In particular, LNPs have shown high efficiency in in vivo delivery, especially for liver-targeted therapies, where they can efficiently transport therapeutic payloads to hepatocytes. As research advances, non-viral strategies are expected to play an increasingly prominent role in the gene therapy landscape, offering a flexible and potentially safer alternative to traditional viral-based approaches.
The integration of LNP-based genome editing technologies into clinical applications could significantly improve therapeutic possibilities, enabling safer, transient, and high controlled gene modifications. 
As the field progresses, non-viral systems will become a key component in the expanding portfolio of gene therapy tools, helping to tailor treatments to specific disease needs.
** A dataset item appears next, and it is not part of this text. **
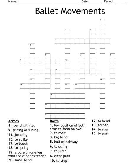 Ballet Crossword Puzzle Crossword, Word bank, Ballet terms

Gene Therapy as a Platform: Rethinking Regulatory Approaches

One of the critical topics discussed was the sustainability of gene therapy development. Despite decades of progress, regulatory agencies still classify gene therapies as traditional drugs, applying the same frameworks used for conventional pharmaceuticals. However, gene therapies are fundamentally more complex and require dedicated regulatory pathways that address their unique characteristics, from development to safety assessment and market access.
A key aspect of streamlining gene therapy regulation is recognizing that many of these therapies share the same vector backbones. This raises a crucial question:

If we are using the same vector backbone, why should we repeat extensive safety and stability studies for every new application?
By adopting a platform-based regulatory framework, regulators could reduce unnecessary repetition of tests, cutting development time and costs without compromising safety. This approach would allow gene therapy developers to leverage existing data, accelerating the approval process while maintaining high safety standards.

 
Ensuring Sustainability in Gene Therapy

Beyond regulatory efficiency, sustainability is another major challenge. The high costs of gene therapy development and production make these treatments inaccessible to many patients. To ensure long-term feasibility, the industry must focus on:
  • Scaling up production by expanding the number of approved products, increasing efficiency and driving down costs.
  • Building an integrated value chain by fostering collaborations between biotech companies, manufacturers, and regulators to create a more efficient and cost-effective ecosystem.
  • Optimizing clinical pathways by reducing redundant testing and leveraging real-world evidence to support approvals and post-market surveillance.
  • By combining regulatory innovation with strategic collaboration and industrial scaling, gene therapy can transition from a highly specialized treatment to a widely accessible therapeutic option, ensuring that life-changing therapies reach patients in need faster and at a lower cost.

 
Conclusion: Shaping the Future of Gene Therapy

The roundtable discussion underscored the immense potential of gene therapy, from refining genome editing and vector design to tackling immunological barriers and developing non-viral strategies. As the field advances, researchers and industry leaders must collaborate with regulators to create a sustainable framework that balances innovation, safety, and accessibility.

Beyond scientific breakthroughs, the future of gene therapy depends on strategic collaboration, regulatory innovation, and the development of an ecosystem that ensures these transformative treatments reach those who need them most.